The BGC prediction stage also has some drawbacks. The main is the lack of formal rules to define edges of biosynthetic gene clusters. For example, some gene clusters such as nunamycin/nunapeptin BGC from Pseudomanas sp. Ln5 encode two different NRPSs located close to each other because of regulatory reasons [10]. Fortunately, these NRPSs are encoded in different DNA strands, so, in BioCAT we have implemented additional fragmentation of clusters based on the strand direction. However, there are cases, for example, himastatine biosynthesis cluster from Streptomyces himastatinicus ATCC 53653, when genes located in both DNA strands are responsible for the biosynthesis of only one NRP product [23].
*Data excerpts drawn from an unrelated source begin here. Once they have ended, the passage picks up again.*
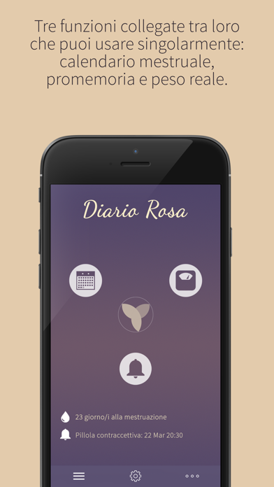 Il “Diario Rosa” ti consente di monitorare in maniera molto semplice il ciclo mestruale e gli altri avvenimenti collegati al ciclo, di registrare e tenere traccia nel tempo del tuo peso, dell’assunzione del contraccettivo, del sanguinamento intermestruale e di episodi di dolore, e può supportarti per il consulto con il tuo medico. Perché il “Diario Rosa” ti offre di più? - Completamente gratuito – utilizza tutte le funzioni della app senza acquisto o registrazione - Interfaccia facile da utilizzare - Moderno – schermate grafiche intuitive e con un design alla moda - Personalizzabile - Credibile e affidabile - Multifunzionale – tre funzioni interconnesse che puoi utilizzare anche singolarmente: calendario mestruale, promemoria, peso reale - Puoi registrare facilmente gli episodi collegati al tuo ciclo mestruale - I promemoria devono essere impostati una sola volta – dopo aver completato le impostazioni iniziali l’applicazione invierà i promemoria automaticamente - L’applicazione è continuamente aggiornata con nuove funzioni che tengono conto dei desideri dell’utente - I dati inseriti nel “Diario Rosa” possono essere facilmente visualizzati per supportarti nel consulto con il tuo medico - Password personalizzabile per proteggere la tua privacy - Non archiviamo i tuoi dati. Il back-up avviene automaticamente sul tuo account iCloud/Dropbox * Dichiarazione di esclusione di responsabilità: questa applicazione non è da intendersi per finalità diagnostiche. Funzioni principali: Calendario: - Facile da utilizzare, chiaro - Visualizzazione giornaliera, mensile e grafica (1, 3 o 6 mesi) - Tieni traccia dettagliata del sanguinamento mestruale e intermestruale e del dolore - Monitori il tuo ciclo mestruale e i giorni stimati di ovulazione e fertilità - Registri il tuo peso e i farmaci da assumere Peso reale: - Tieni traccia delle tue variazioni di peso - Grazie alle informazioni inserite su peso e altezza, controlli il tuo indice di massa corporea Promemoria: - Imposti promemoria personalizzati, promemoria sul ciclo mestruale e per l’assunzione della pillola contraccettiva o di altri farmaci Impostazioni: - Inserisci la tua altezza e i dettagli sul tuo ciclo mestruale, gestisci i tuoi dati aggiornati (esporti, importi, cancelli) e attivi la tua password personale Raccomandiamo in particolare l’utilizzo del “Diario Rosa” alle donne che: - desiderano registrare tutti gli episodi più importanti collegati al proprio ciclo mestruale per essere in grado di rispondere in maniera scrupolosa alle domande del medico durante la successiva visita di controllo - necessitano di un promemoria per la pillola contraccettiva o per altri farmaci, che sia affidabile, facile da utilizzare e personalizzabile, ed anche in grado di aiutarle a monitorare l’assunzione dei farmaci - desiderano essere organizzate
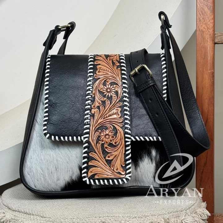 Custom Low MOQ Trendy Handbags Hand Tooled Leather Crossbody Purse Luxury Cowhide Leather Shoulder Messenger Bag for Women's
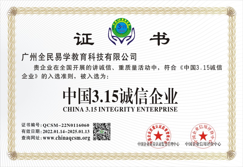 当前位置:首页 > 证书查询 > 广州全民易学教育科技有限公司
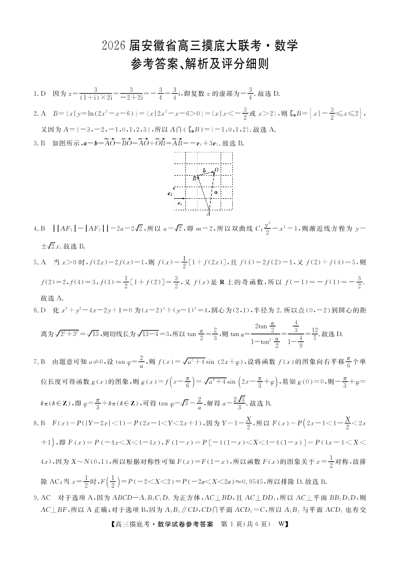 高三数学答案--安徽省皖南八校2026届高三上学期8月摸底大联考
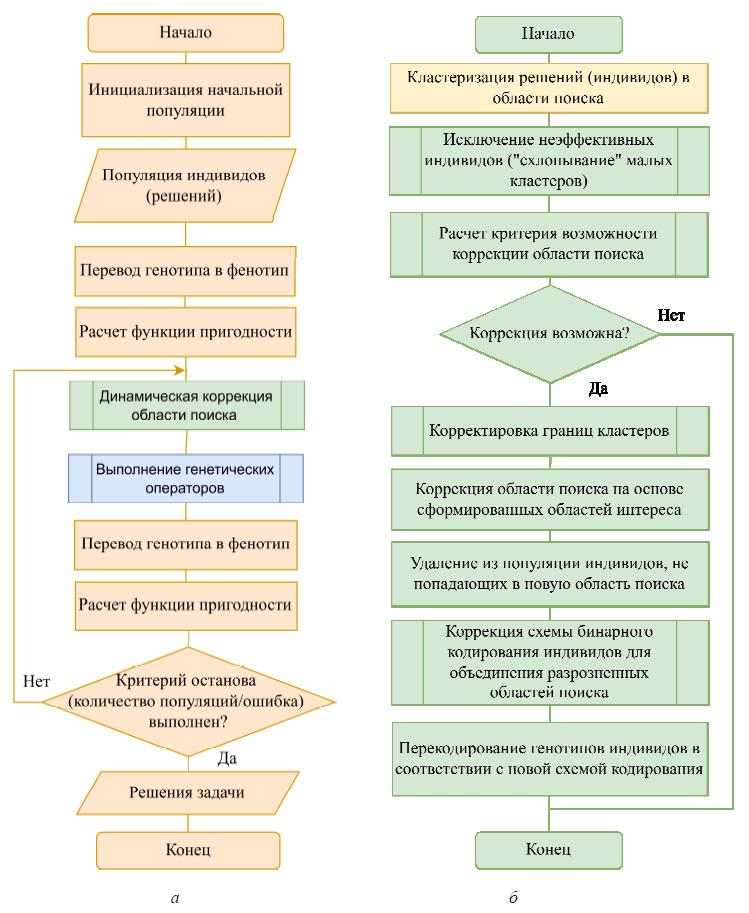 Рис. 2. Блок-схема: а – ГА с динамической коррекцией области поиска; b – процедуры динамической коррекции
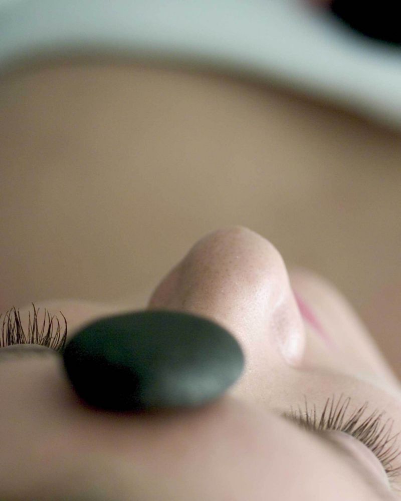 Using our harmonious blend of essential oils and restorative cocooning body cream warm with volcanic stones and to soothe aching muscles
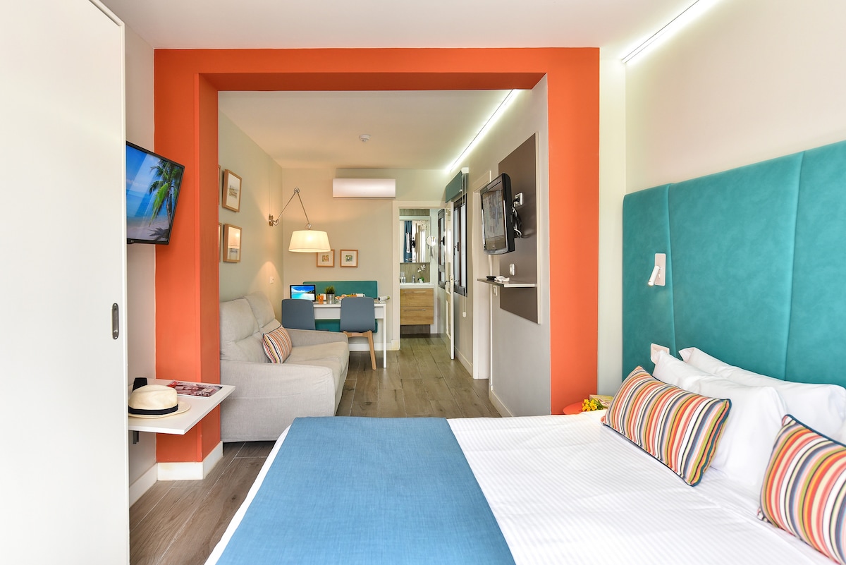 Estudio con balcón privado para hasta 3 personas, luminoso y funcional, con espacio abierto de salón-dormitorio, cocina totalmente equipada y baño privado. Ideal para parejas que desean disfrutar del aire libre y la luz natural durante su estancia en Las Palmas. Incluye limpieza diaria con cambio de toallas y recepción 24 horas, combinando la comodidad de un hotel con la independencia de un apartamento. Dispone de Wi-Fi gratuito y aire acondicionado.
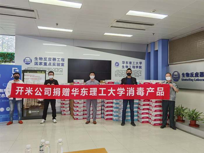 理事会常务副理事长单位。在疫情发生以来,作为上海市应急征用单位,开米公司1月31日就全面复工复产,受命为抗疫加班生产消毒剂等物资。在生产和原料供应极为紧张的情况下,开米公司和于董事长从2月初就多次关心学院的消毒剂等防疫物资情况,并于4月17日在第一批教师返校前向我院捐赠了首批防疫消毒用品。
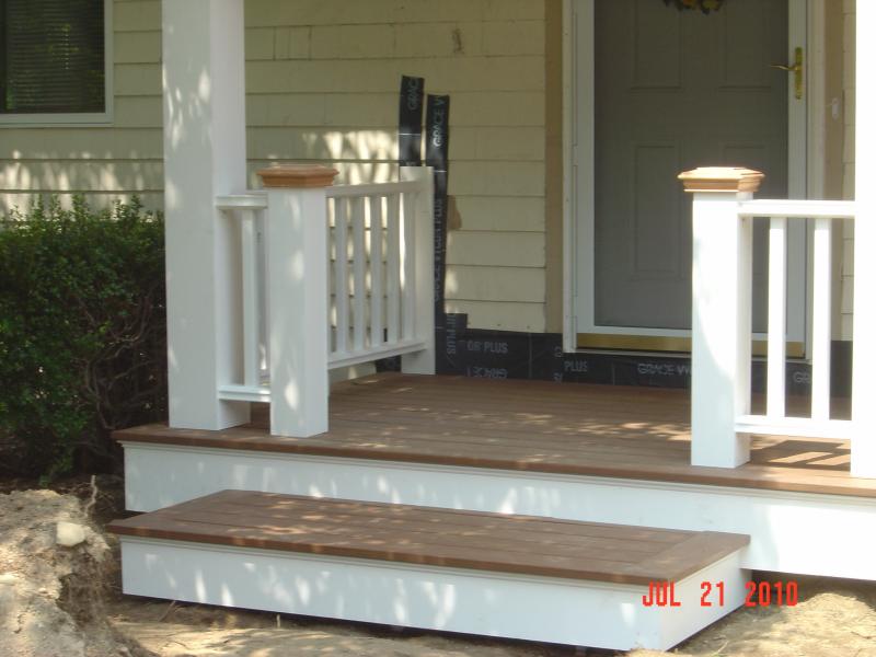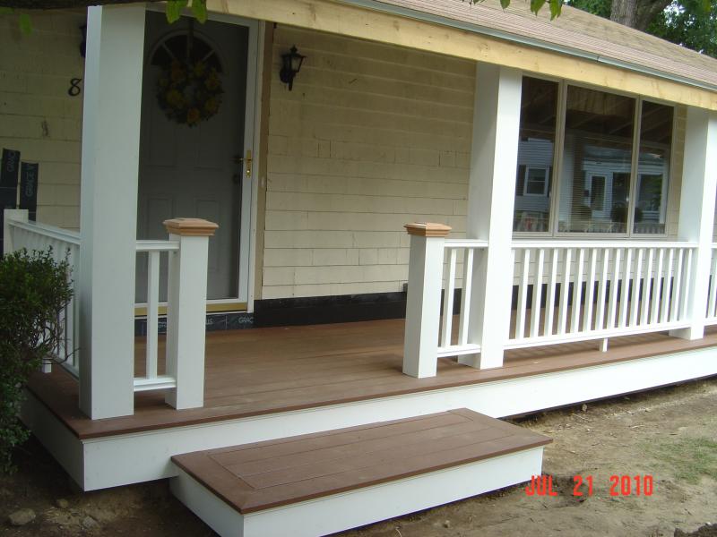 Built 6x36 Farmers porch in Whitman on Benson st. Including roof framing. wind code specifications. Azek decking & Azek trims. Yard master composite railings.
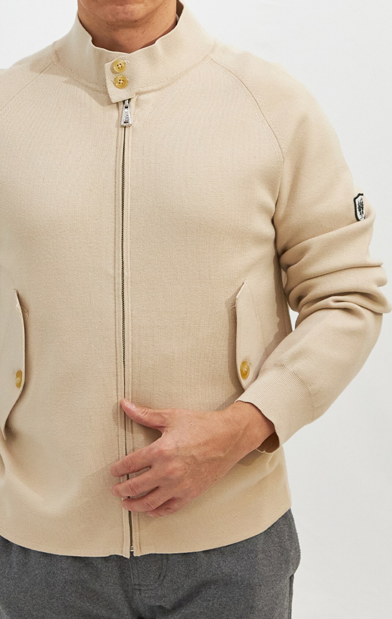 毎シーズン人気のG9型ブルゾンですが、本格仕様のブルゾン見えでありながら、春先に気軽に羽織りやすいニット仕立てに落とし込みました。
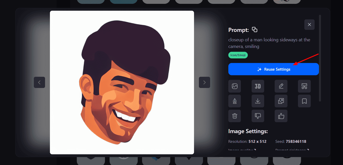 You simply need to click on the image and hit the ‘Reuse Settings’ to keep the settings intact and generate similar images.
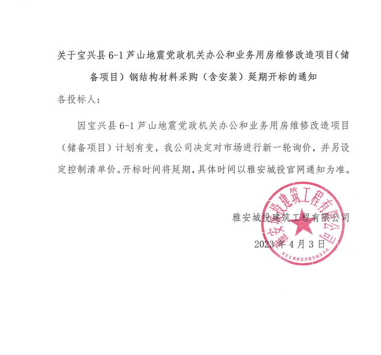 關于寶興縣6-1蘆山地震黨政機關辦公和業(yè)務用房維修改造項目(儲備項目)鋼結構材料采購(含安裝)延期開標的通知
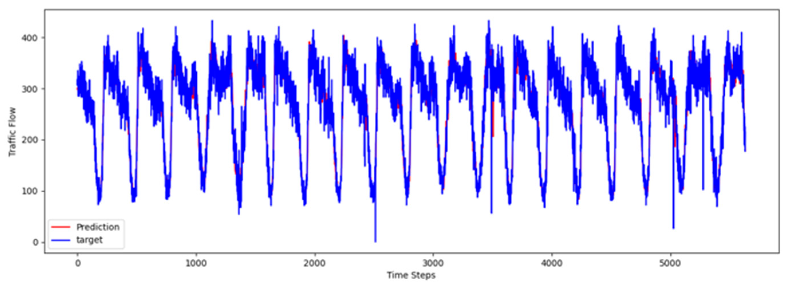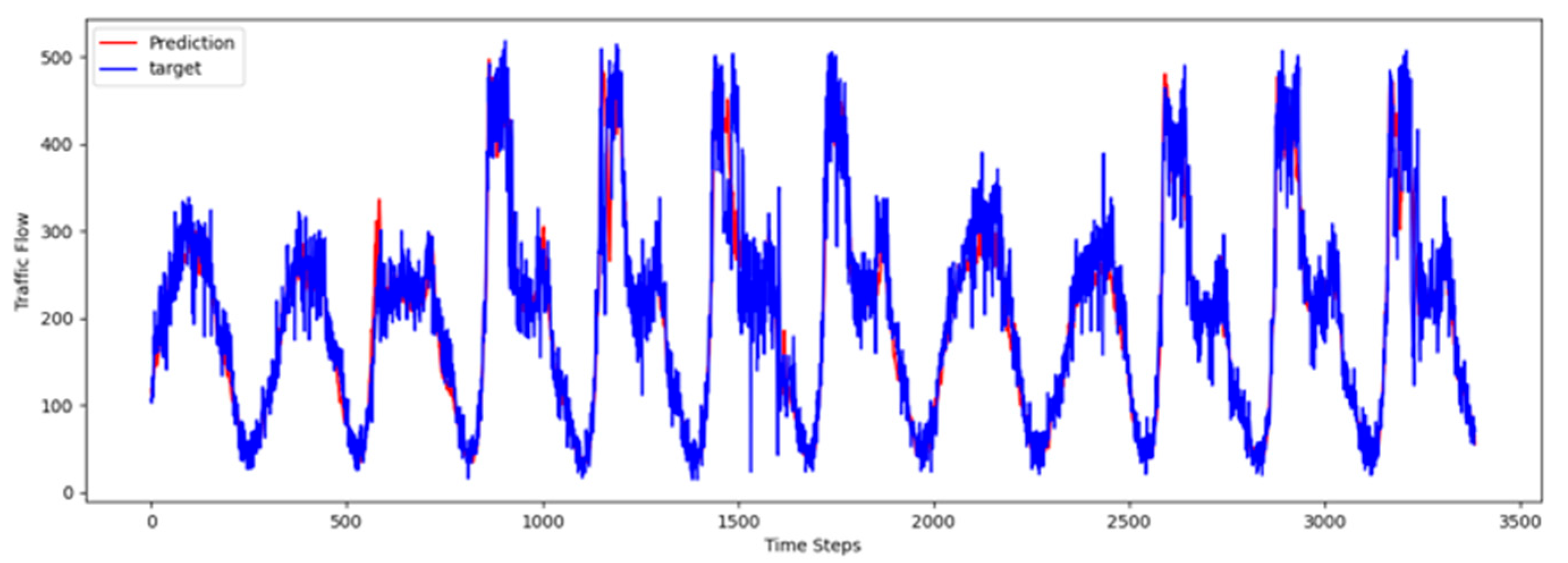 The objective of traffic flow prediction is to accurately infer future traffic states by leveraging the spatiotemporal dependencies embedded within historical observations, under the constraint of a known road network topology. Formally, let the input sequence be defined as v T = X 1 , X 2 , , X T , and the target output sequence as v P = X T + 1 , X T + 2 , , X T + P . The prediction task can thus be formulated as learning a mapping function f :
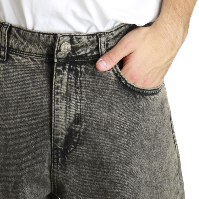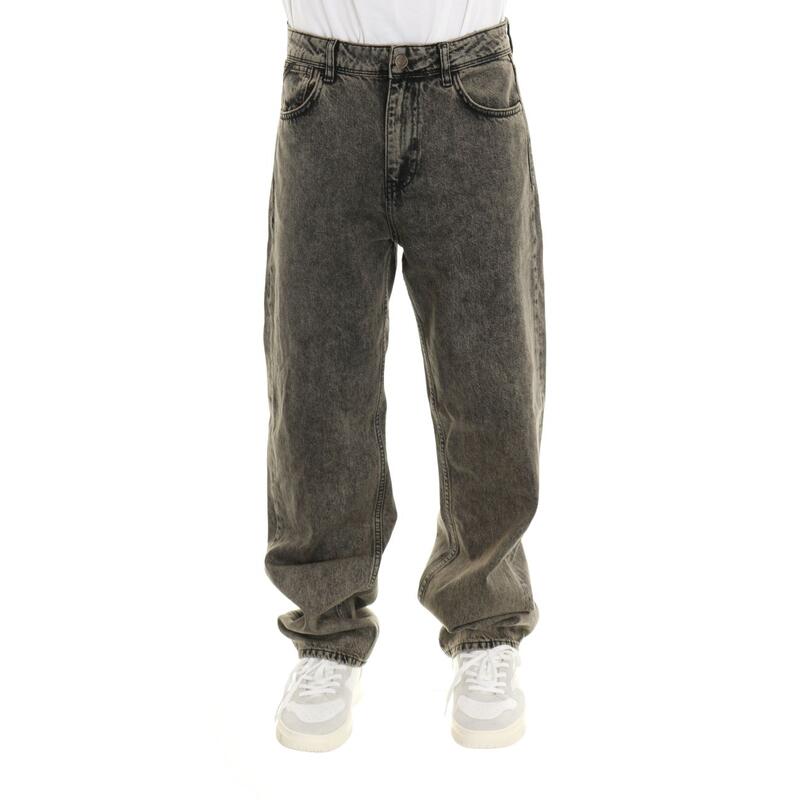 Jeans non stretch lavaggio grigio, vita media, chiusura con zip e bottone, gamba morbida. Vestibilità relaxed.

Despite the drawbacks described above, BioCAT showed a satisfactory matching accuracy and can be useful for high-throughput exploratory analysis of genomic data to identify possible producers of an NRP of interest or structures homologous to it. Going forward, the method can be improved in several ways. First, we are planning to include to the model information about additional gene cluster domains such as halogenation and hydroxylation which may increase the specificity of the alignment algorithm. Secondly, core peptide chains generated during the BioCAT analysis often contain non-recognized substrates assigned as nan, so, these unrecognized peptide chain positions can be represented in the same PSSM way, using special metrics such as Tanimoto chemical similarity coefficient [1]. However, it can significantly increase the model complexity, so, we decided not to implement it in this BioCAT version due to the insufficient size of the NRP library available nowadays.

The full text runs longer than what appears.